My cousin, Jerry, and his wife, Glenda, had 2 sons.  Tragedy struck and both sons died with in a short time of each other.  


Here is her story: (This is Part 1, Part 2 will be posted next Friday)


Justin Mark Ferguson 1-11-81-10-6-96

In Dec 1994, Justin, (12) was diagnosed with Acute Myeloid Leukemia.  This was a very devastating day for all of us. 

Justin has severe tonsillitis in Nov.’94.  The doctors had run routine blood test, but they did not come back routine.  There were indicators that we were not sure of.  We were sent to Texas Children’s hospital where they finally diagnosed the cancer.  Justin was given a 50-50 chance of survival.  We immediately started chemo and planned our stay for 30 days.  

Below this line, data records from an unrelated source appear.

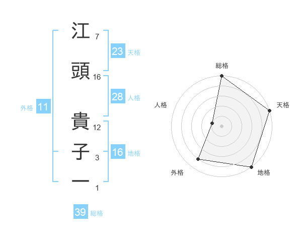 江頭 貴子一さんの天格は23画の5点!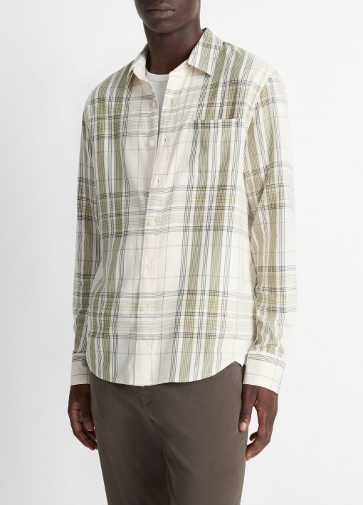 This classic button-up is crafted from a cotton-blend twill for lightweight comfort throughout the year and enlivened with a bold plaid that harmonizes the colors of the season.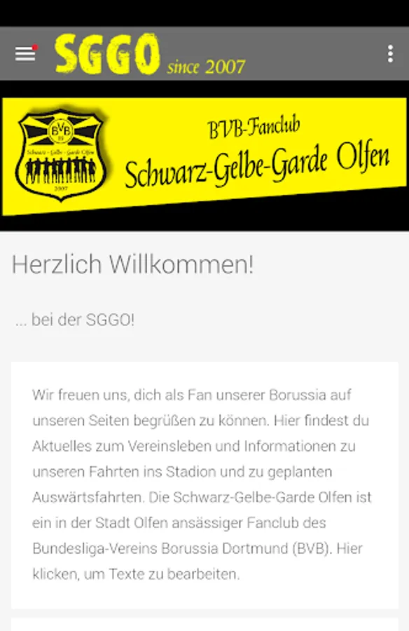We appreciate your interest in our official SGGO app. In our app, you will always find everything up-to-date about club life, information about our rides to the stadium and planned out-of-town matches. All news, photos and appointments land so directly on your smartphone. You can also find all the most important information about BVB here. So go and download the app directly!

We spent Christmas’94 in the Holiday Inn across the street from the hospital.  My husband, Jerry, my other son, Jeremy, my mom, and I tried to make it special for Justin.  Justin had so many mouth sores from the chemo that he just couldn’t eat.  Food smells made him sick, so we made sure that we ate away from him.  All he wanted was dill pickles and coke in glass bottles.  I remember driving around downtown Houston looking for them. 

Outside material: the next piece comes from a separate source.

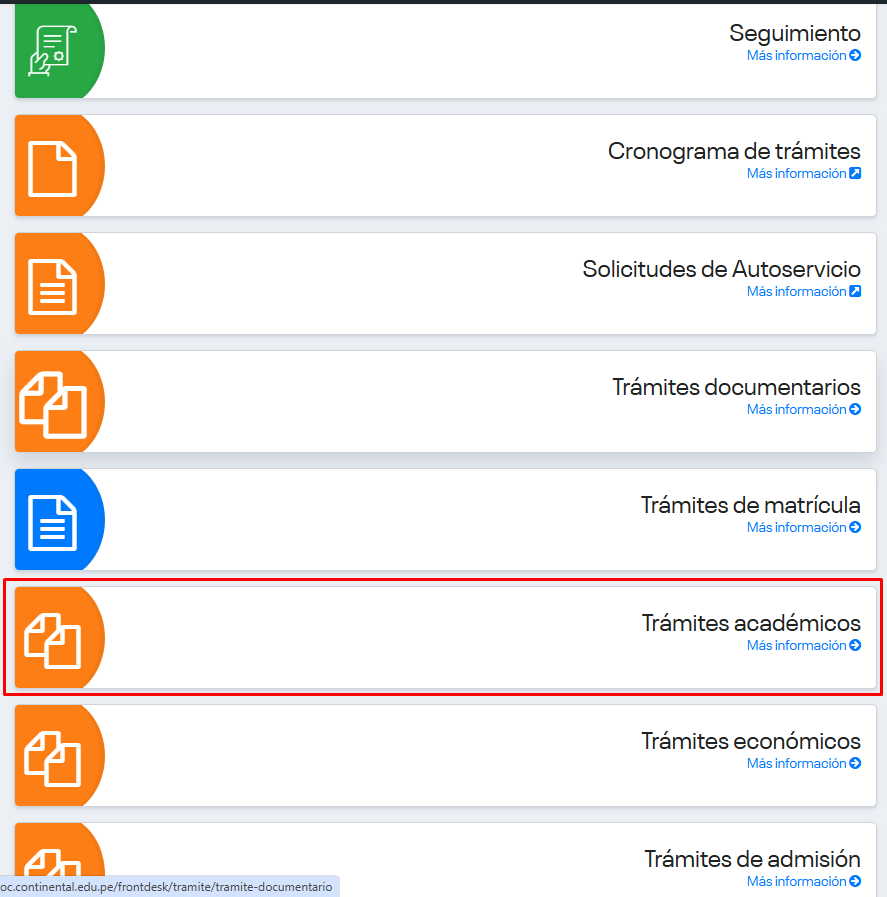 Selecciona la opción “Trámites “,Haz clic en la opción “Trámites académicos”

Thank goodness we have a wonderful family.  Everyone took turns staying with Justin.  My dad and mom, Grady, and Nelda, would stay for a few days, and then my mother-in-law, Mary, would trade out.  Jerry and I would stay as much as we could, but it was good for Justin for a change.  My niece, Sarah, asked to take her finals early so that she could stay with him before Christmas.  Adam, my nephew, was Justin’s constant companion.

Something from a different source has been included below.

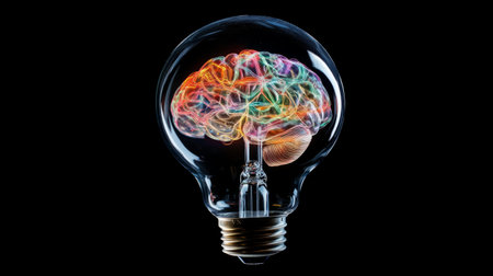 This conceptual image presents a human brain encased within a clear lightbulb. The composition features vibrant colors, with detailed textures suggesting a three-dimensional rendering. The artwork employs diffused lighting against a dark background, creating a sense of depth and focus. This visual could be utilized for educational materials or commercial presentations.

Justin went into remission after the first 30 days of treatment.  We felt blessed, but knew that this could change.  We were in and out of the hospital and clinic constantly.  I think my vehicles could go to Houston on auto pilot. Justin was put on homebound, and I was his teacher, but we allowed him go come to school when he felt like it. 

He and his dad did a lot of fishing and hunting.  My parents took him on trips to places he wanted to see.  We felt that Justin should get to do some of the things he wanted.  After a year of remission, the doctors wanted to do a bone marrow transplant.  December of ’95 this process was done. 

The doctors sat us all down and began to tell us the side effects of the total body radiation.  Justin jumped up and said “Yes, no more mama’s curse!”  The doctors just looked at him and asked what he meant by that.  Justin looked the doctor straight in the eye and said, “Hasn’t you mother ever said ‘I can’t wait until you have kids and they act like you.’” The doctor just laughed.   

During spring break of ’96, we took a trip to see my aunt in Dallas.  Justin and Adam were out riding go carts and the nurse practitioner called to say that we needed platelets.  She asked to speak to Justin, and I said, “Well, he is out riding go carts.”  Her reaction was I can’t believe you are letting him, he could get hurt.  I said, “Yes, but don’t you remember when you said that if he bumped his head he could bleed to death, and his answer was, “Well you can walk out in front a truck too”
He always had some kind of a comeback. Justin had to have his own bone marrow cleaned and frozen in case a match could not be found, and sure enough no matches.   We spent another Christmas in Houston, but at least we were all together.  Justin attended several camps with the sunshine kids and enjoyed spending time with other cancer kids.  Several groups did fund raiser to help with expenses during his illness.  The “Gypsy” motorcycle group adopted him and he loved it.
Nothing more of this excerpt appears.